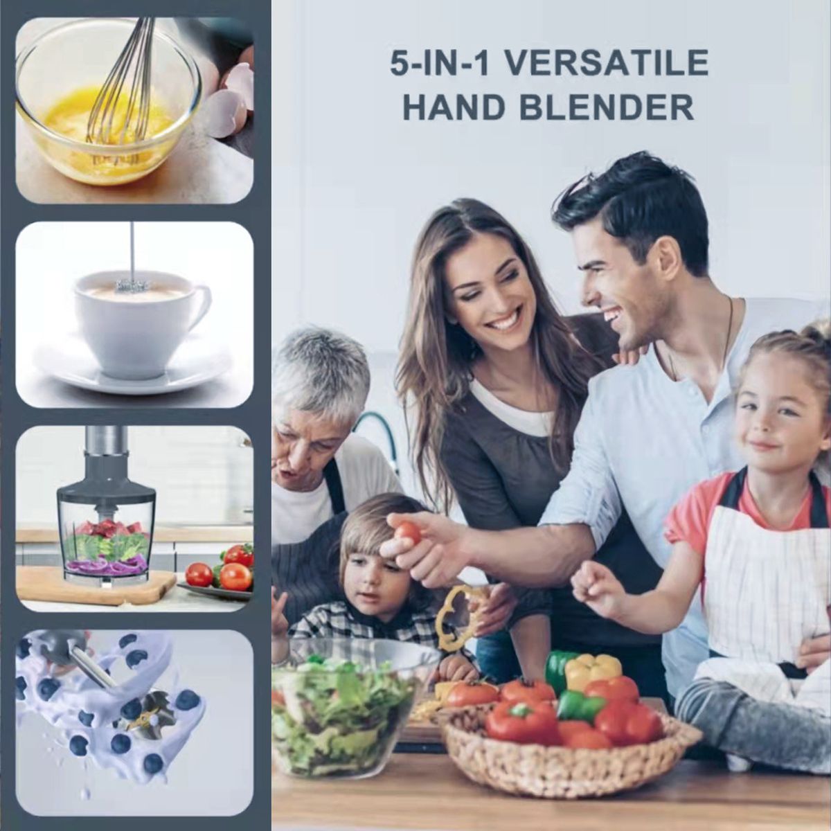 Multifunctional 5-in-1 handheld blender, great for food blending, mixing, mincing, baby food making, and more.
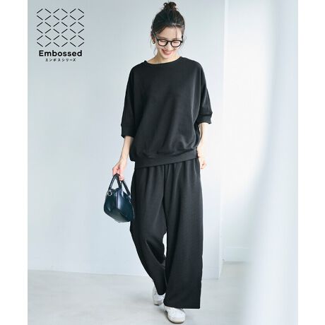 リラックス感のある着心地でデイリーに着回しできるエンボスパンツ
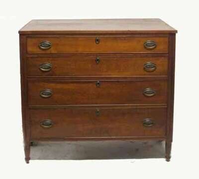 Rectangular top with molded applied edge above four cockbeaded drawers and reeded stiles, paneled sides, turned feet.
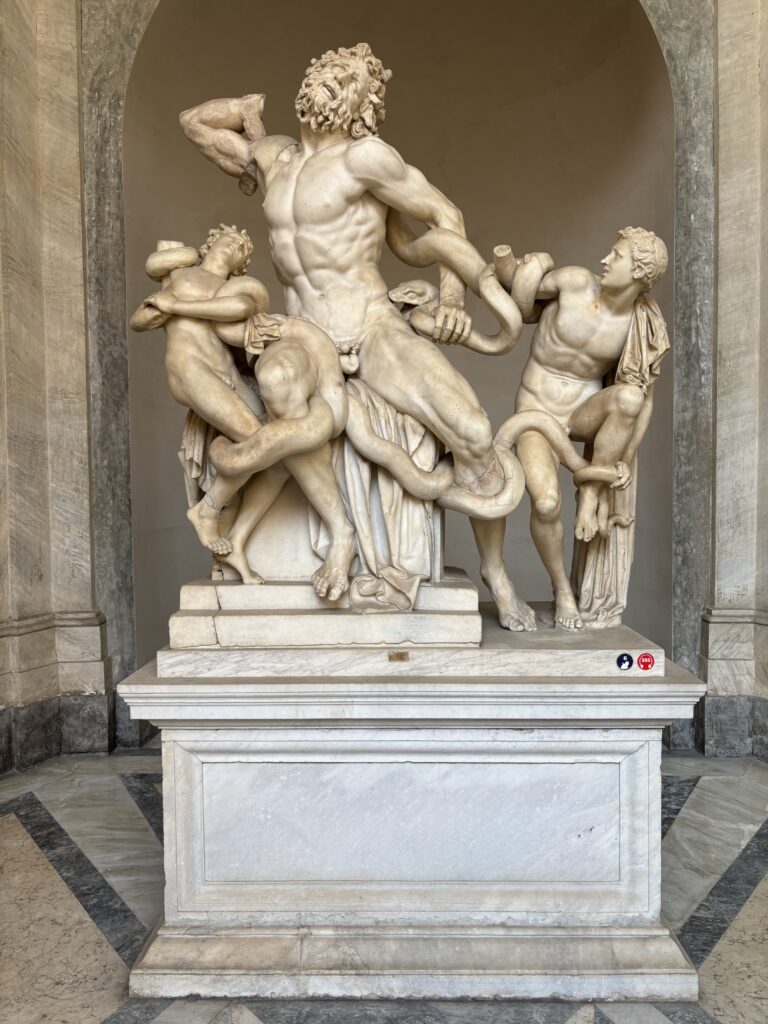 ヘレニズム期を代表する群像彫刻で、苦しむ表情や体のねじれまで驚くほどリアル。ギリシャ神話の悲劇で、トロイの木馬を巡り神々の怒りを買ったラオコーンが息子たちと共に大蛇に襲われる場面を表しています。石でできているとは思えないほどの躍動感がありました。
+---+
PROBLEM TO WORK ON: All that is needed is the lines from the line holding "リラックス感のある着心地でデイリーに着回しできるエンボスパンツ" to the final line of the listing above, repeated exactly, pictures excluded.

YOUR SOLUTION:
 リラックス感のある着心地でデイリーに着回しできるエンボスパンツ
 Rectangular top with molded applied edge above four cockbeaded drawers and reeded stiles, paneled sides, turned feet.
 ヘレニズム期を代表する群像彫刻で、苦しむ表情や体のねじれまで驚くほどリアル。ギリシャ神話の悲劇で、トロイの木馬を巡り神々の怒りを買ったラオコーンが息子たちと共に大蛇に襲われる場面を表しています。石でできているとは思えないほどの躍動感がありました。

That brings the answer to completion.